Physical characteristics
- • coordinates: 62°44′N 119°38′W﻿ / ﻿62.73°N 119.63°W
- • elevation: 240 m (790 ft)
- • location: Mackenzie River
- • coordinates: 61°28′36″N 118°04′51″W﻿ / ﻿61.47665°N 118.08075°W
- • elevation: 150 m (490 ft)

= Horn River =

The Horn River is a river in the Northwest Territories of Canada. It is a major tributary of the Mackenzie River.

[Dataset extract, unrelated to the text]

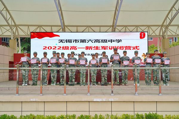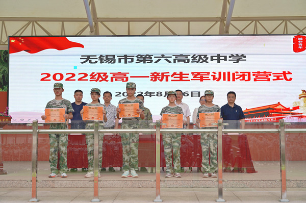 8月26日下午,习习凉风终结了酷热,无锡市第六高级中学在操场举行2022级新生军训闭营仪式暨表彰大会。

The river gives the name to the Horn River Formation, a shale deposit of the Western Canadian Sedimentary Basin. The Horn River Basin refers to the extent of the Horn River Formation in the subsurface, and is not defined by the Horn River watershed.

==Course==
The river originates south of the Great Bear Lake. It flows south-east through a series of rapids north of the Horn Plateau, then has a meandered flow. Fawn Lake is a complex wetland formed along the middle course of the Horn River, and is followed downstream by the Second Lake. The river turns south-west, where the Mink Lake is formed along its course. The Laferte River also flows into the Mink Lake. Horn River then flows south, and it receives the waters of the Bluefish River before it empties into the Mackenzie River, 100 km downstream from the Great Slave Lake), immediately upstream from Mills Lake, at an elevation of 150 m.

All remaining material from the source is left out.